The Podcast for This American Life


The Podcast for This American Life


The podcast for This American Life allows listeners to download the the shows and listen to them at their discretion. The This American Life team contracts with a site called audible.com to distribute the shows to listeners who want to hear them. Despite calling their offering a podcast, however, it is not, at least in the normal sense of the word. A podcast refers to an online setup with an RSS feed that is regularily updated, can be subscribed to, and provides links to sound or video files that can be downloaded and watched by the subscriber. Audible.com and This American Life do not offer that. Instead, the show's team allows audible.com to receive money for allowing listeners to download the sound files to the computer from audible.com's web site. The only RSS file involved is one specific to the user which allows that user access to the shows they are interested in. Even odder than charging for a supposed podcast, the sound files downloaded are tied to the specific user who downloads them. Unlike the vast majority of podcasts, which allow the files to be distributed and redistributed as the end user wishes, without placing limitations on such, the This American Life podcast restricts the file to a single user.

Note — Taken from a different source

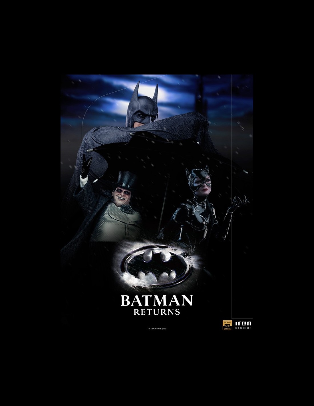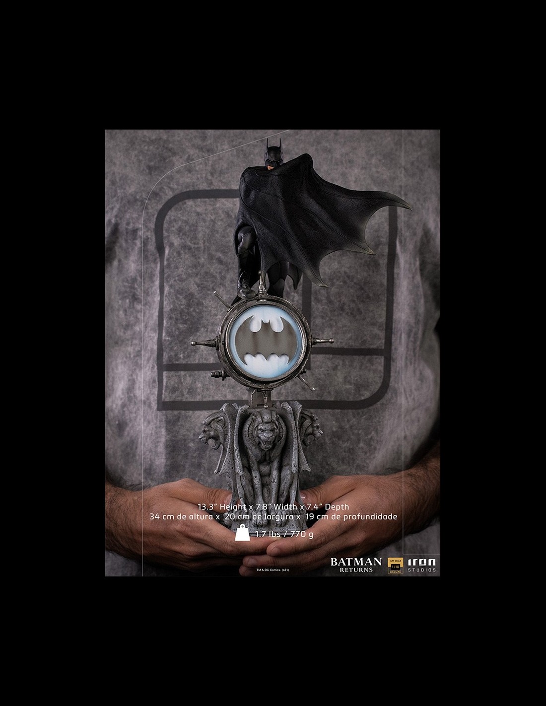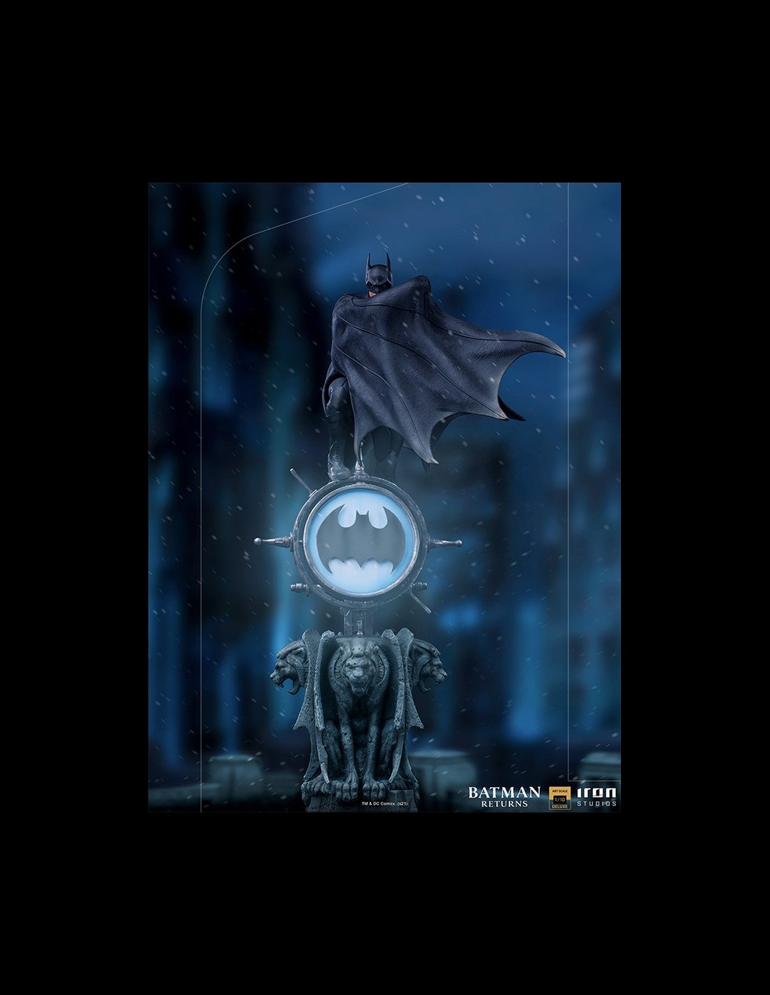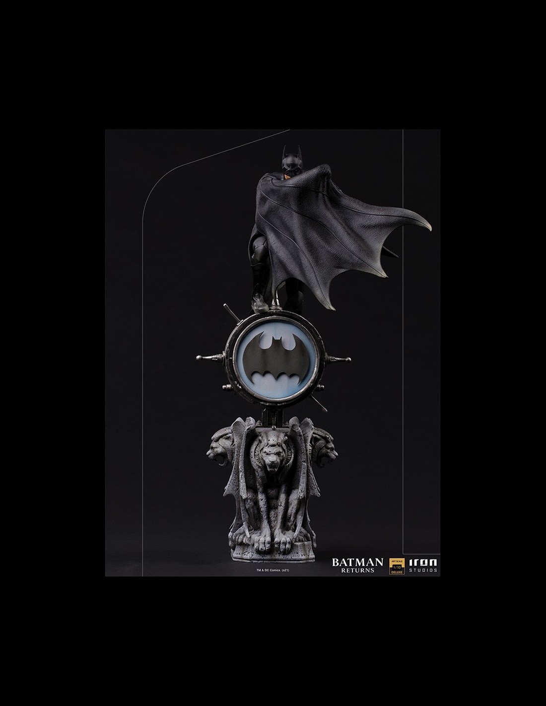 Da Iron Studios la statua di Batman versione Art Deluxe Scale 1/10, da Batman Returns del 1992 di Tim Burton. Su caratteristica base a totem sorretta da gargoyles la statua di Batman, avvolto nel suo mantello, appoggia sul Bat-segnale. La statua in resina dipinta a mano arriva in edizione limitata e si aggiunge alle statue di Penguin e Catwoman ispirate allo stesso film.

The podcast for This American Life misses the point of what a podcast is intended to be, the free distribution of information. The This American Life team is exploiting the term podcasting, and the credibility and hipness that is associated with the term in order to boost their own popularity. 

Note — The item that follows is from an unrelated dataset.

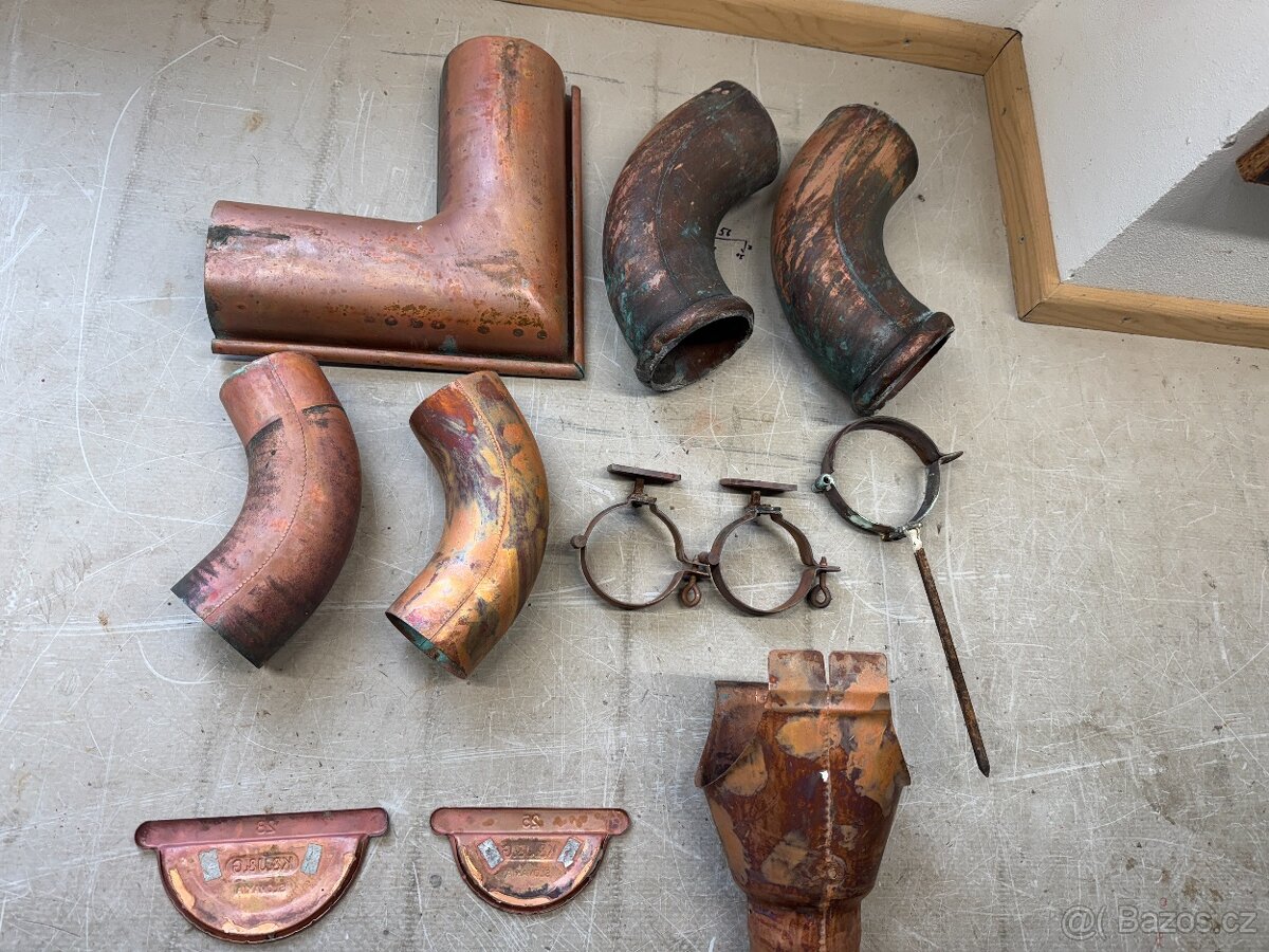 Měděné okapy - doplňky - použité vpořádku

On the other hand, the podcast for This American Life may be where the rest of the industry is headed. Although the technology was first adopted by independent media groups that enjoyed it because of the low cost of distribution and the close possible ties to end users, that may change when podcasting becomes a wider phenomenon. If podcasting is adopted by more mainstream, corporate entities, the face of podcasting is likely to change to one where a profit plan is required. Audible.com's plan of forcing users to subscribe and pay for the feeds they want may be the way the corporate world decides to latch on to and use podcasting. The advantage of podcasting, direct distribution of the media files to the user's home computer quickly and easily, is not lost if the system moves to one revolving around profit.

Regretfully, the podcast for This American Life is probably an example of what podcasting will be in a few years. As much as locked media files that restrict distribution may be repugnant to many of the free information activists that curently dominate podcasting, there is little to stop those who want to use the system to make a profit from doing so.